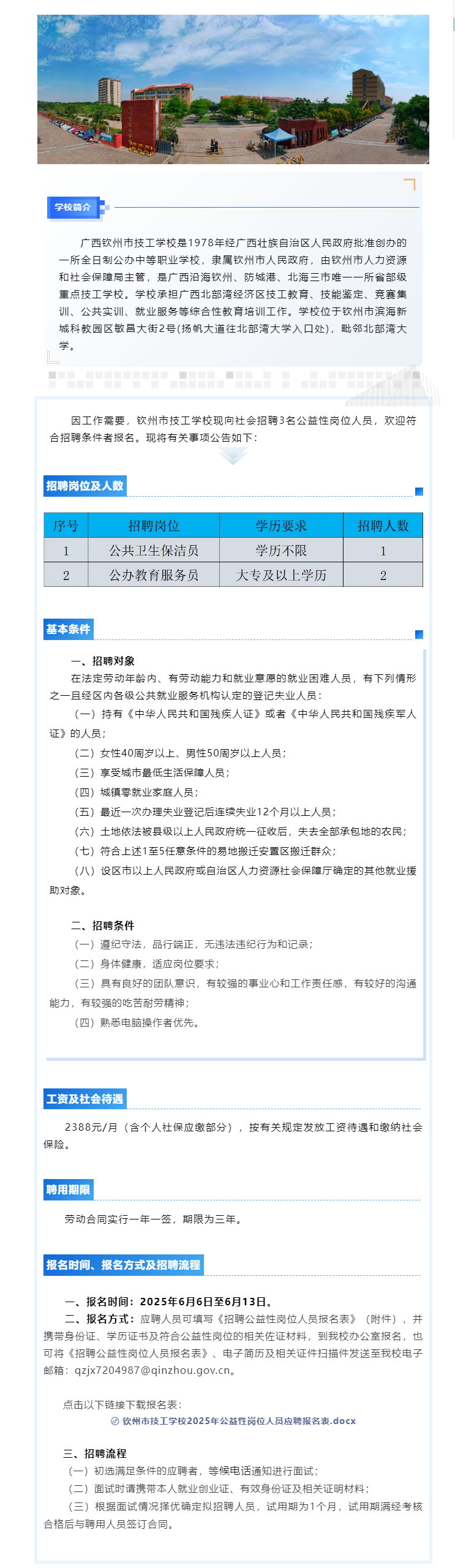 欽州市技工學(xué)校招聘公益性崗位人員公告
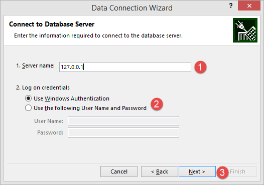 1.輸入服務(wù)器名稱/IP 地址。對于本教程,連接到 localhost 127.0.0.1
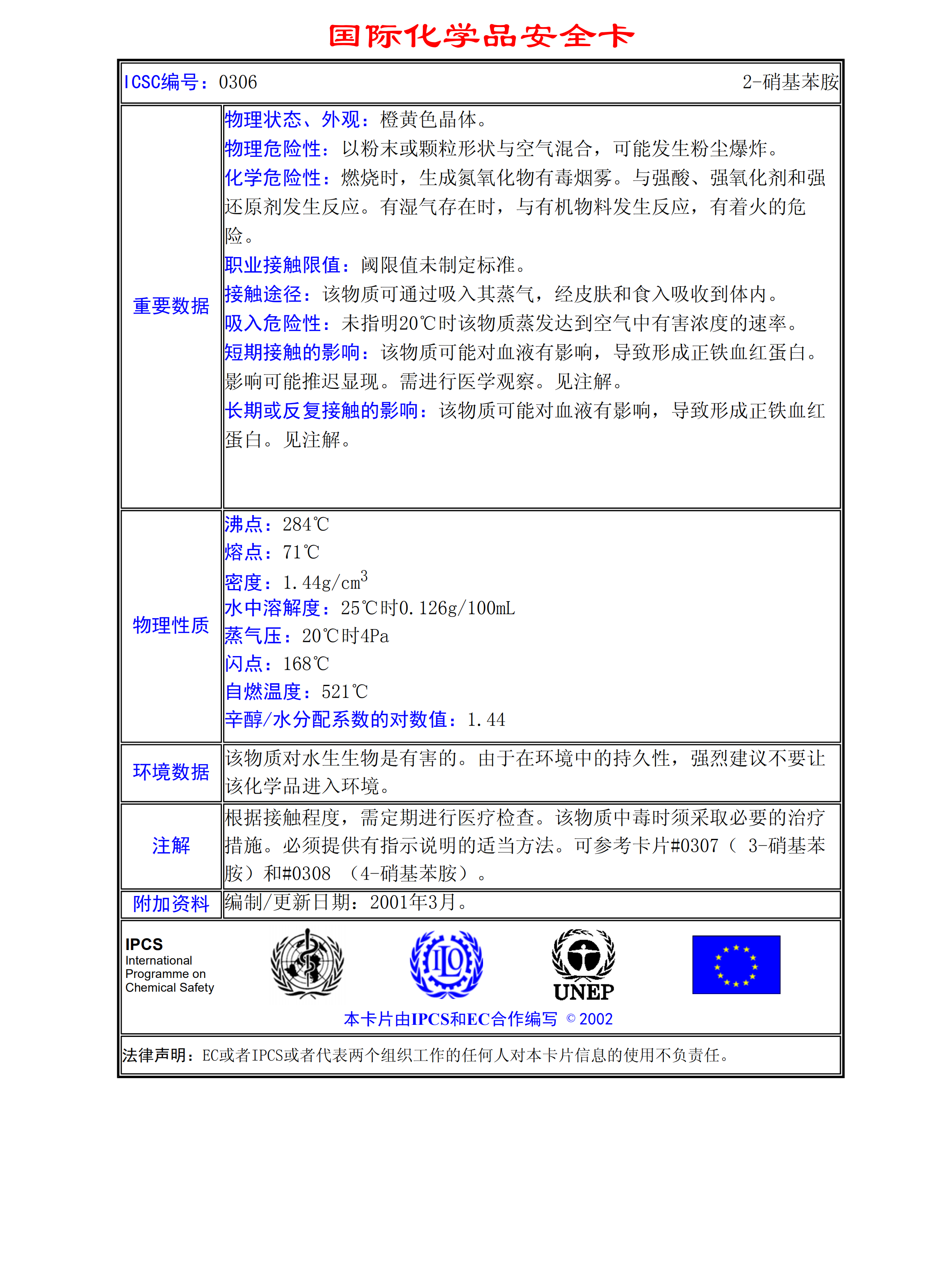 2-硝基苯胺MSDS
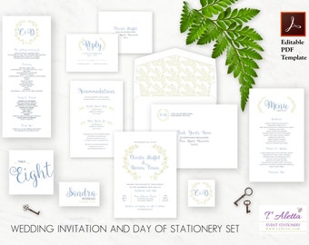 Wedding Invitation Template, Printable Blue and gold Wedding Invitation Set, Printable Invitations, Editable Invitations
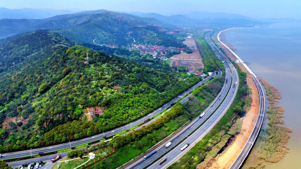??俯瞰104國道浙江湖州長興段(2024年4月10日攝,無人機(jī)照片)。
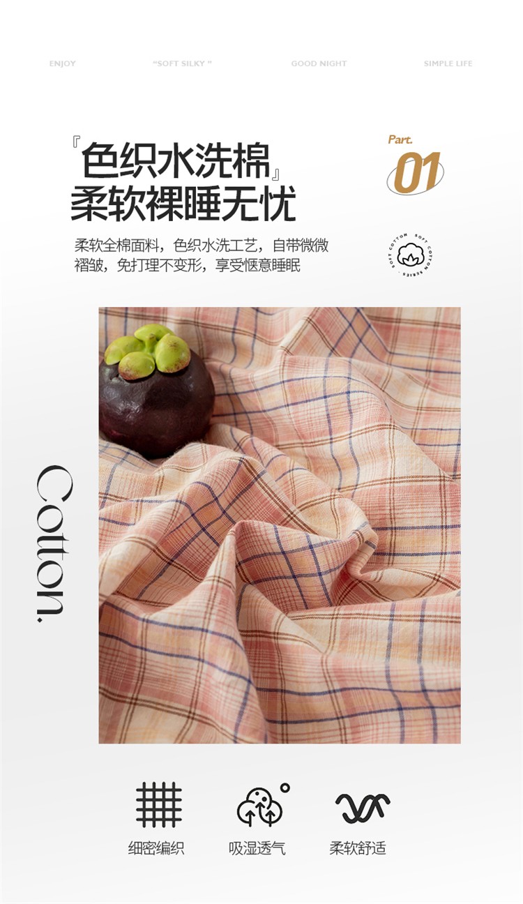 当前位置: 91家纺网 > 商品网购 > 床品套件 > 四件套 > 水洗棉四件套 > 九沐良品 新款A类色织水洗棉四件套 凯利咖
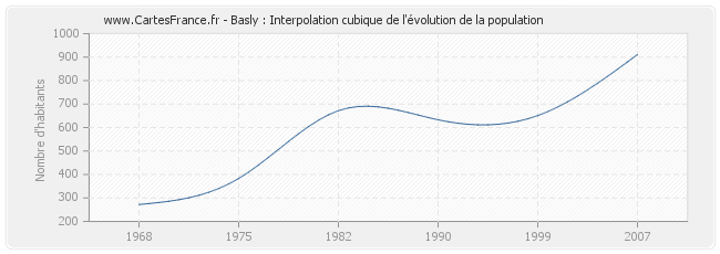 Cette courbe reprend l'historique de la population de Basly de 1968 à 2007 en interpolation cubique. Ceci permet d'obtenir plus précisément la population de la commune de Basly les années ou aucun recensement n'a été effectué.
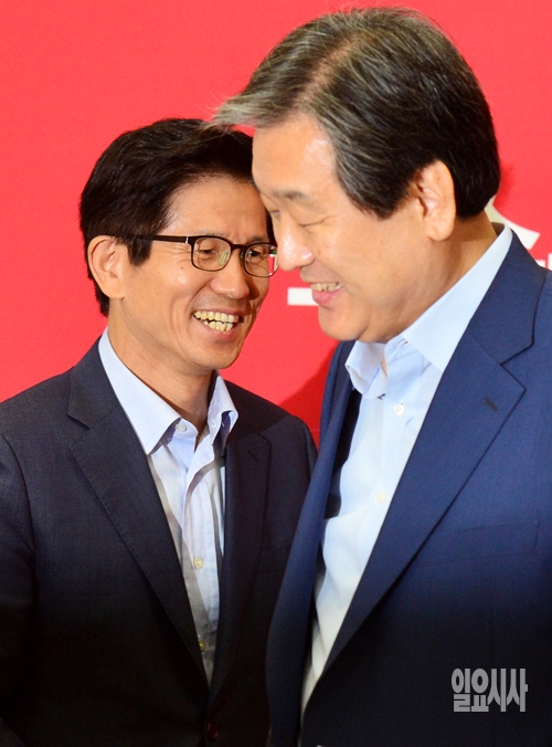 새누리당 김문수 보수혁신위원장이 25일 서울 여의도 국회에서 열린 최고위원회의에 참석하고 있다. 오른쪽은 김무성 대표.
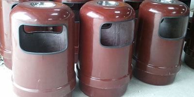 玻璃鋼垃圾桶桶身和內膽部分,采用高級玻璃鋼材質一次成型,經過打磨、除塵 、噴漆等一系列后期工藝然后出成品。
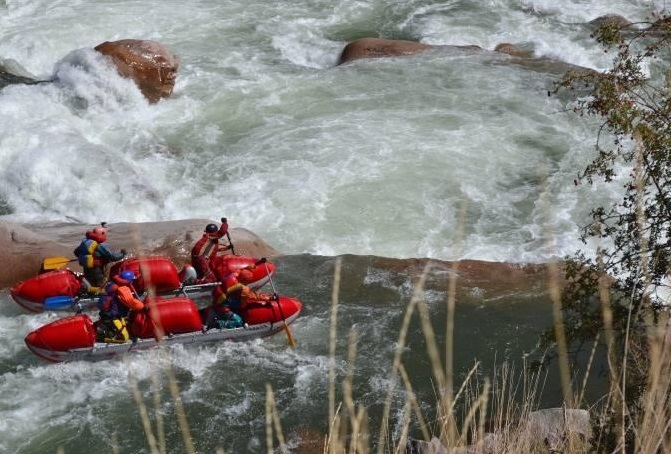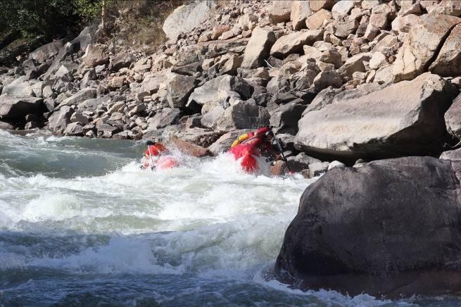 1. Опасность представляют определяющие препятствия – участки с высокой скоростью течения, обилием камней, сложной траекторией движения в порогах. Участникам следует особо тщательно отнестись к выбору сплавного снаряжения — шлем, спасательный жилет, защитный костюм.
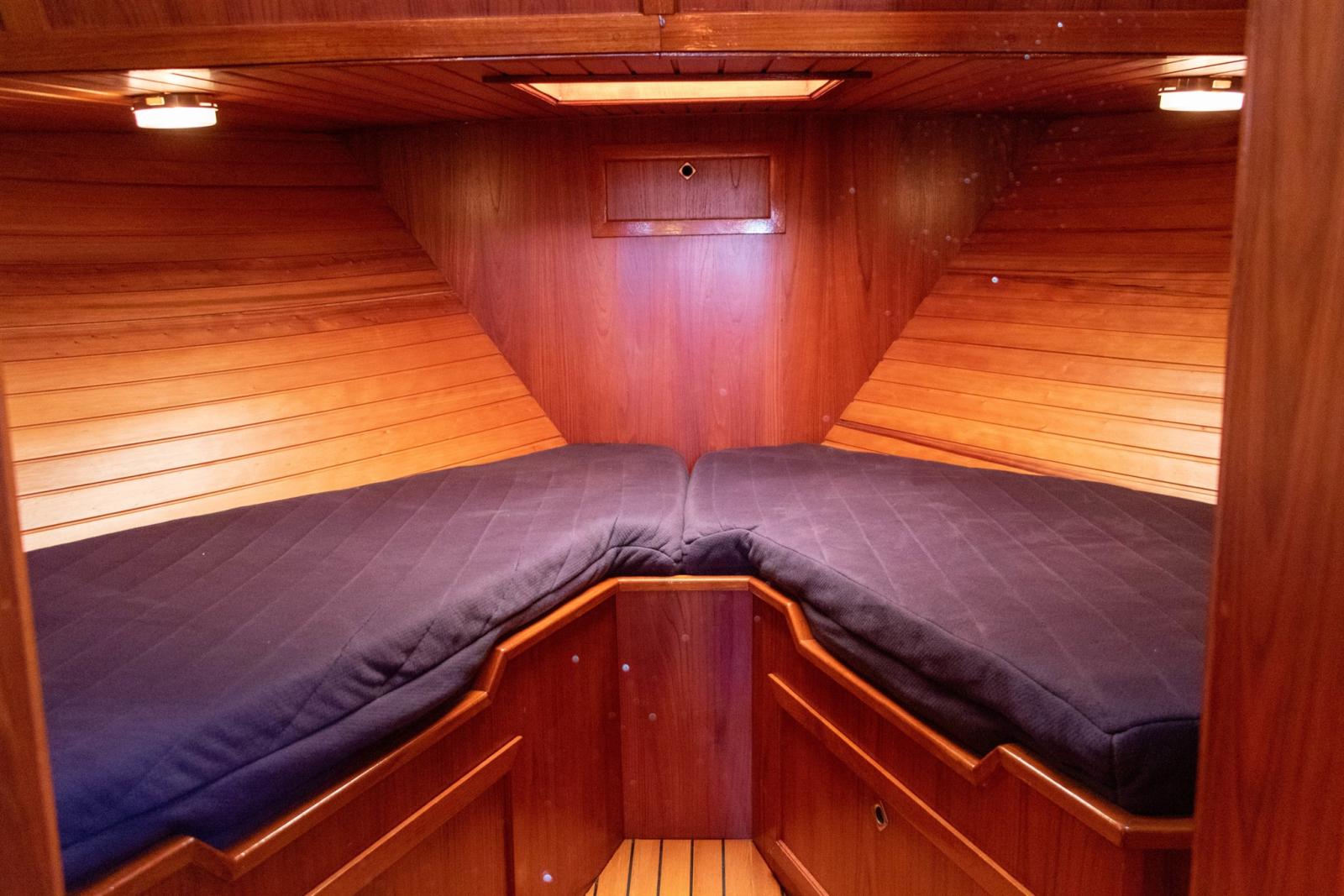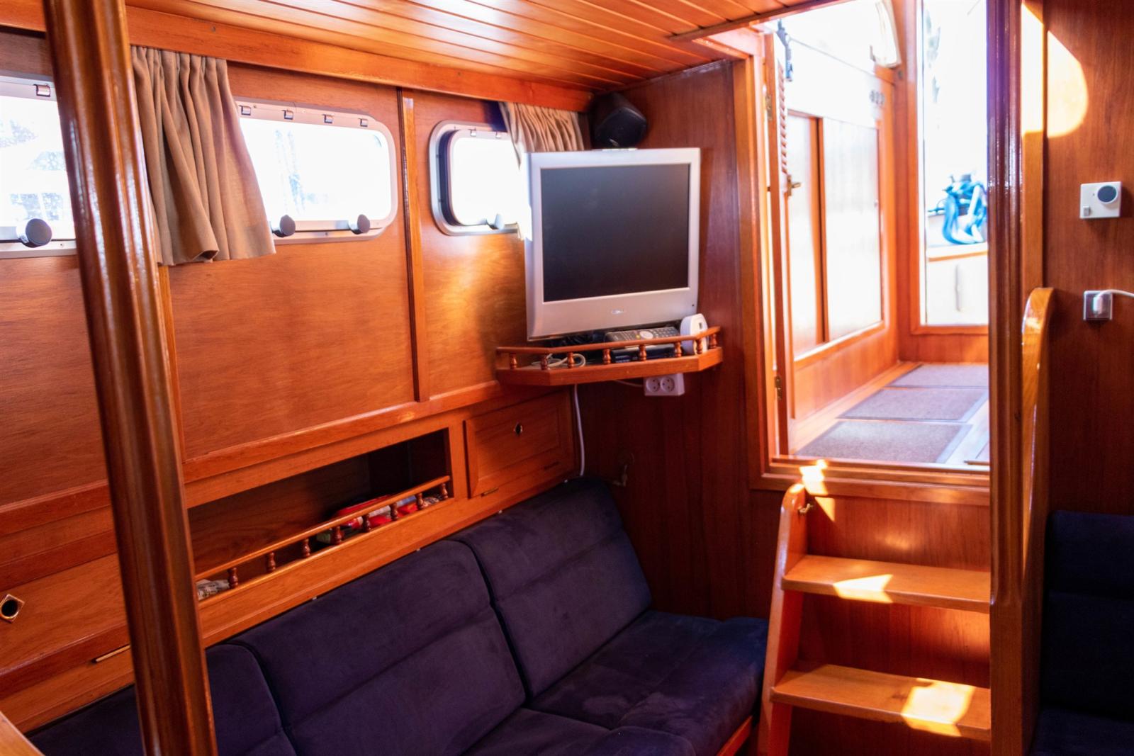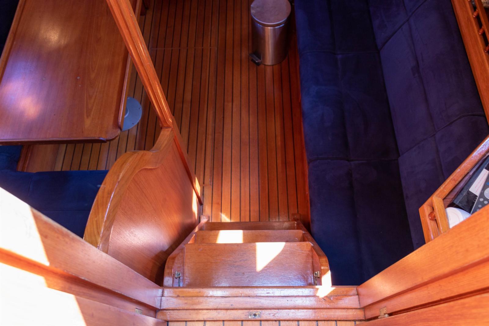 Un joli cotre de 1978. Construit dans le célèbre chantier Staverse de Volharding. Le Staverse Cutter est connu pour sa construction solide et son grand confort. La timonerie offre une visibilité et une luminosité optimales. En outre, un vaste espace pour s'asseoir au milieu du navire est doté de grandes fenêtres. Sur le gaillard d'avant, la cabine du propriétaire est spacieuse et dispose de nombreux placards. La hauteur sous barrots de 1,95 m et la cuisine spacieuse avec cuisinière à 3 feux et réfrigérateur sont également appréciables. L'intérieur en teck dégage une impression de confort en combinaison avec le revêtement bleu. Le bateau a fait l'objet de beaucoup d'attention de la part de son propriétaire au cours des dernières années, et les principaux éléments suivants ont été renouvelés :

EXERCISE DESCRIPTION:
Every entry should be written out word for word, except for its pictures.

YOUR SOLUTION:
 欽州市技工學(xué)校招聘公益性崗位人員公告
 1.輸入服務(wù)器名稱/IP 地址。對于本教程,連接到 localhost 127.0.0.1
 2-硝基苯胺MSDS
 Wedding Invitation Template, Printable Blue and gold Wedding Invitation Set, Printable Invitations, Editable Invitations
??俯瞰104國道浙江湖州長興段(2024年4月10日攝,無人機(jī)照片)。
 当前位置: 91家纺网 > 商品网购 > 床品套件 > 四件套 > 水洗棉四件套 > 九沐良品 新款A类色织水洗棉四件套 凯利咖
 Cette courbe reprend l'historique de la population de Basly de 1968 à 2007 en interpolation cubique. Ceci permet d'obtenir plus précisément la population de la commune de Basly les années ou aucun recensement n'a été effectué.
 새누리당 김문수 보수혁신위원장이 25일 서울 여의도 국회에서 열린 최고위원회의에 참석하고 있다. 오른쪽은 김무성 대표.
 玻璃鋼垃圾桶桶身和內膽部分,采用高級玻璃鋼材質一次成型,經過打磨、除塵 、噴漆等一系列后期工藝然后出成品。
 1. Опасность представляют определяющие препятствия – участки с высокой скоростью течения, обилием камней, сложной траекторией движения в порогах. Участникам следует особо тщательно отнестись к выбору сплавного снаряжения — шлем, спасательный жилет, защитный костюм.
 Un joli cotre de 1978. Construit dans le célèbre chantier Staverse de Volharding. Le Staverse Cutter est connu pour sa construction solide et son grand confort. La timonerie offre une visibilité et une luminosité optimales. En outre, un vaste espace pour s'asseoir au milieu du navire est doté de grandes fenêtres. Sur le gaillard d'avant, la cabine du propriétaire est spacieuse et dispose de nombreux placards. La hauteur sous barrots de 1,95 m et la cuisine spacieuse avec cuisinière à 3 feux et réfrigérateur sont également appréciables. L'intérieur en teck dégage une impression de confort en combinaison avec le revêtement bleu. Le bateau a fait l'objet de beaucoup d'attention de la part de son propriétaire au cours des dernières années, et les principaux éléments suivants ont été renouvelés :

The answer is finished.